In particular, this module defines a :type:`dlog_precomp_t` structure
permitting to describe a discrete log problem in some subgroup
of `(\mathbb Z/p^e \mathbb Z)^\times` for primepower moduli `p^e`,
and store precomputed data for faster computation of several such
discrete logarithms.
When initializing this data, the user provides both a group description and the expected
number of subsequent discrete logarithms calls. The choice of algorithm and
the amount of stored data depend both on the structure of the group and this number.
No particular effort has been made towards single discrete logarithm
computation. Currently only machine size primepower moduli
are supported.
Types, macros and constants
-------------------------------------------------------------------------------
.. macro:: DLOG_NONE
Return value when the discrete logarithm does not exist
.. type:: dlog_precomp_struct
.. type:: dlog_precomp_t
Structure for discrete logarithm precomputed data.
A :type:`dlog_precomp_t` is defined as an array of length one of type
:type:`dlog_precomp_struct`, permitting a :type:`dlog_precomp_t` to be passed by
reference.
Single evaluation
-------------------------------------------------------------------------------
.. function:: ulong dlog_once(ulong b, ulong a, const nmod_t mod, ulong n)
Return `x` such that `b = a^x` in `(\mathbb Z/mod \mathbb Z)^\times`,
where *a* is known to have order *n*.
Precomputations
-------------------------------------------------------------------------------
.. function:: void dlog_precomp_n_init(dlog_precomp_t pre, ulong a, ulong mod, ulong n, ulong num)
Precompute data for *num* discrete logarithms evaluations in the subgroup generated
by *a* modulo *mod*, where *a* is known to have order *n*.

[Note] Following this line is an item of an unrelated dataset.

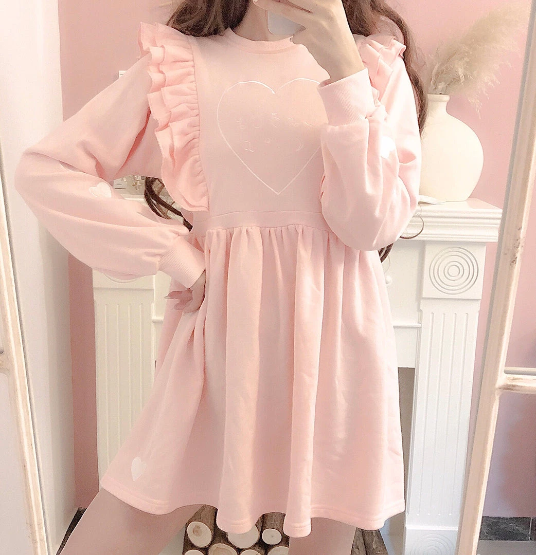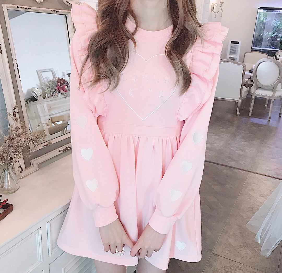 Lovely Japanese “Sweet girl” 少女 しょじお letters embroidered on the front, cute hearts on both sleeves with Larmekei styled flouncing cut as decoration on the front which gives you extra sweet looking

.. function:: ulong dlog_precomp(const dlog_precomp_t pre, ulong b)
Return `\log(b)` for the group described in *pre*.
.. function:: void dlog_precomp_clear(dlog_precomp_t pre)
Clears *t*.
Specialized versions of :func:`dlog_precomp_n_init` are available when specific information
is known about the group:
.. function:: void dlog_precomp_modpe_init(dlog_precomp_t pre, ulong a, ulong p, ulong e, ulong pe, ulong num)
Assume that *a* generates the group of residues modulo *pe* equal `p^e` for
prime *p*.
.. function:: void dlog_precomp_p_init(dlog_precomp_t pre, ulong a, ulong mod, ulong p, ulong num)
Assume that *a* has prime order *p*.
.. function:: void dlog_precomp_pe_init(dlog_precomp_t pre, ulong a, ulong mod, ulong p, ulong e, ulong pe, ulong num)
Assume that *a* has primepower order *pe* `p^e`.
.. function:: void dlog_precomp_small_init(dlog_precomp_t pre, ulong a, ulong mod, ulong n, ulong num)
Make a complete lookup table of size *n*.
If *mod* is small, this is done using an element-indexed array (see
:type:`dlog_table_t`), otherwise with a sorted array allowing binary search.
Vector evaluations
-------------------------------------------------------------------------------
These functions compute all logarithms of successive integers `1\dots n`.
.. function:: void dlog_vec_fill(ulong * v, ulong nv, ulong x)
Sets values *v[k]* to *x* for all *k* less than *nv*.
.. function:: void dlog_vec_set_not_found(ulong * v, ulong nv, nmod_t mod)
Sets values *v[k]* to :macro:`DLOG_NONE` for all *k* not coprime to *mod*.
.. function:: void dlog_vec(ulong * v, ulong nv, ulong a, ulong va, nmod_t mod, ulong na, nmod_t order)
Sets *v[k]* to `\log(k,a)` times value *va* for `0\leq k < nv`, where *a*
has order *na*. *va* should be *1* for usual log computation.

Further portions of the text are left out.